Actuellement, un des meilleurs catalyseurs moléculaires de la réduction des protons est le complexe de Nickel (II) de Dubois représenté dans la Figure 18. Celui-ci est biomimétique des hydrogénases,86 et possède des ligands diphosphiniques contenant des bases aminées lui permettant de réaliser l’électrocatalyse de la production de dihydrogène avec des Turn Over Frequencies (TOF) de plus de 100 000 s-1 en solvants organiques. Toutefois, un potentiel de - 0,6 V doit lui être appliqué.

Figure 18 : Electrocatalyseur de Dubois pour la production d’H2 (à gauche), et un état de transition proposé (à droite) (tiré de 86)

Malgré de bonnes activités pour la production de dihydrogène de la part de certains complexes moléculaires, ceux-ci présentent le même manque de stabilité chimique que leurs équivalents pour la catalyse de l’oxydation de l’eau. La limitation de l’absorption des photons par les chromophores moléculaires pose également problème pour la catalyse de cette réaction. C’est pourquoi les matériaux ont également été beaucoup développés en parallèle, pour la photocatalyse de la réduction des protons.

b) Les systèmes hétérogènes pour la photocatalyse de la réduction des protons

Les matériaux permettent une variété de natures et de compositions assez large, tout en présentant pour la plupart une grande stabilité vis-à-vis de la dégradation.

Par exemple certains polyoxométalates ont été reportés comme étant capables de catalyser la réduction des protons en dihydrogène. En effet, sous irradiation de lumière visible, la production de dihydrogène a été détectée dans un système composé d’un photosensibilisateur à base d’iridium, d’un centre catalytique de polyoxotungstate et d’un donneur d’électrons sacrificiel, et ce de manière assez stable sur de longues périodes.87

85 V. S. Thoi, Y. Sun, J. R. Long, C. J. Chang, Chem. Soc. Rev., 2013, 42, 2388 86 M. L. Helm, M. Bullock, et D. L. DuBois, Science, 2011, 333, 863

Depuis quelques années, les matériaux de type nanoparticules connaissent un fort développement pour la production de dihydrogène sous irradiation de lumière. Les nanoparticules sont dispersibles et permettent donc de travailler en solution.

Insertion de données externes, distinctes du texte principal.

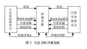 从图3中可看出双分布处理单元仲裁电路工作原理为将分布处理单元各自自身之诊断结果加到仲裁电路上,并读取相应的仲裁结果,以确定自身之主辅状态。通过编程,确定各状态的优先级,由于双分布处理单元均根据仲裁之结果确定各自之主辅状态,故只要仲裁结果变化了,双分布处理单元则自动进行切换。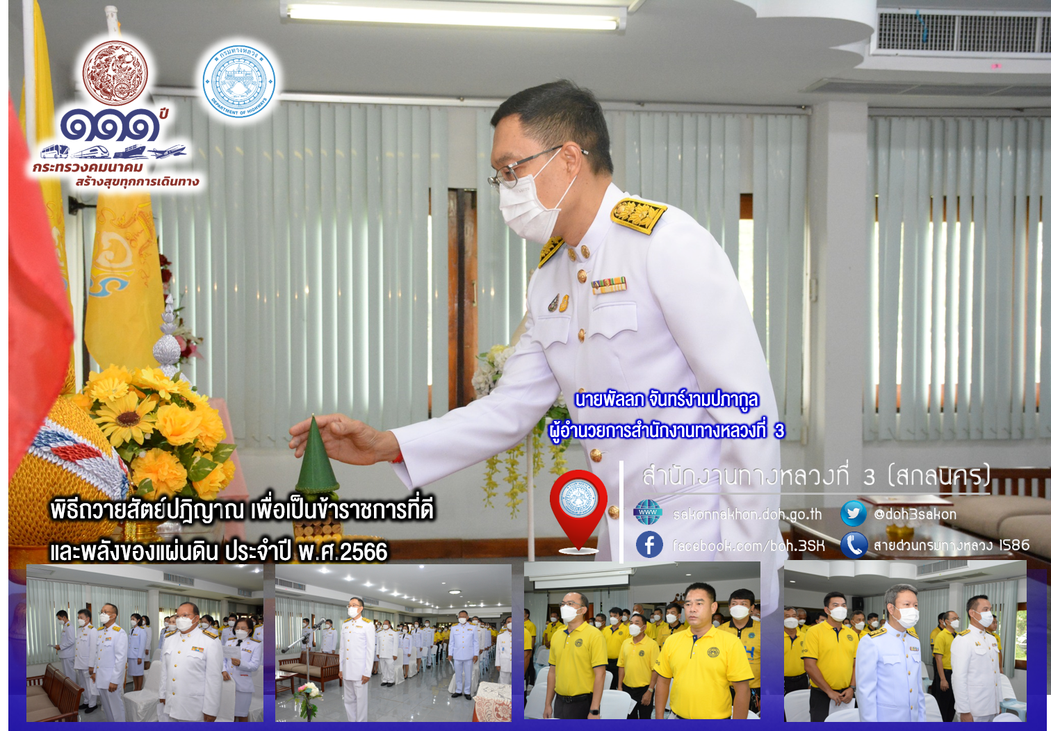 นายพัลลภ จันทร์งามปภากูล ผู้อำนวยการสำนักงานทางหลวงที่ 3 นำ คณะผู้บริหาร ผู้อำนวยการส่วน /ฝ่าย /งาน และเจ้าหน้าที่สำนักงานทางหลวงที่ 3(สกลนคร) ถวายสัตย์ปฏิญาณเพื่อเป็นข้าราชการที่ดีและพลังของแผ่นดิน ประจำปี 2566 ในวันที่ 27 กรกฎาคม 2566 ณ ห้องประชุมทวีพัฒน์ ตินะมาส อาคารหลังเก่า เพื่อให้ข้าราชการและเจ้าหน้าที่ ได้แสดงความมุ่งมั่นแน่วแน่ที่จะเป็นข้าราชการที่ดีและพลังของแผ่นดิน ซึ่งกิจกรรมนี้เป็นส่วนหนึ่งของกิจกรรมเฉลิมพระเกียรติพระบาทสมเด็จพระปรเมนทรรามาธิบดีศรีสินทรมหาวชิราลงกรณ พระวชิรเกล้าเจ้าอยู่หัวเนื่องในโอกาสมหามงคลเฉลิมพระชนมพรรษา 28 กรกฎาคม 2566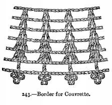 Materials: Messrs. Walter Evans and Co.'s crochet cotton No. 80, or with No. 8 or 10 for couvrettes.

Par exemple, les nanoparticules de carbone quantum dots dites C-Dots (Fig. 19),88,89,90 ou bien les nanoparticules de nickel,91,92 ont montré des rendements intéressants pour la production d’hydrogène à partir de sources sacrificielles de protons et d’électrons. Ces nanoparticules présentent également l’intérêt d’être constituées d’atomes abondants et sont donc peu coûteuses à synthétiser. Les C-Dots sont des nanoparticules de carbone de moins de 10 nm possédant des propriétés de fluorescence. Elles présentent l’avantage d’être très stables, hautement conductrices et ont les mêmes propriétés optiques que les quantum dots, comme le fait d’être des puits de potentiel qui confinent les électrons et les trous, ce qui leur confère des propriétés proches de celles d'un atome.

Figure 19 : Représentation d’une nanoparticule de carbone quantum dots, C-Dots (tiré de 89)

Une autre famille de photocatalyseurs hétérogènes a connu un engouement important ces dernières années, les polymères organiques conjugués. Cette classe de photocatalyseurs composée principalement des nitrides de carbone graphitiques, les g-C3N4, sont des polymères semi-conducteurs entièrement carbonés sont capables de photocatalyser la réduction des protons en dihydrogène sous irradiation de lumière visible ; malgré que le mécanisme d’action soit encore non-élucidé. Cette partie sera développée dans le premier chapitre de cette thèse.

Ainsi, de bons catalyseurs pour chacune de ces deux réactions ont été découverts et l’aboutissement de ces recherches serait de réussir à combiner ces deux parties dans un système photocatalytique complet de la décomposition de l’eau en dioxygène et dihydrogène.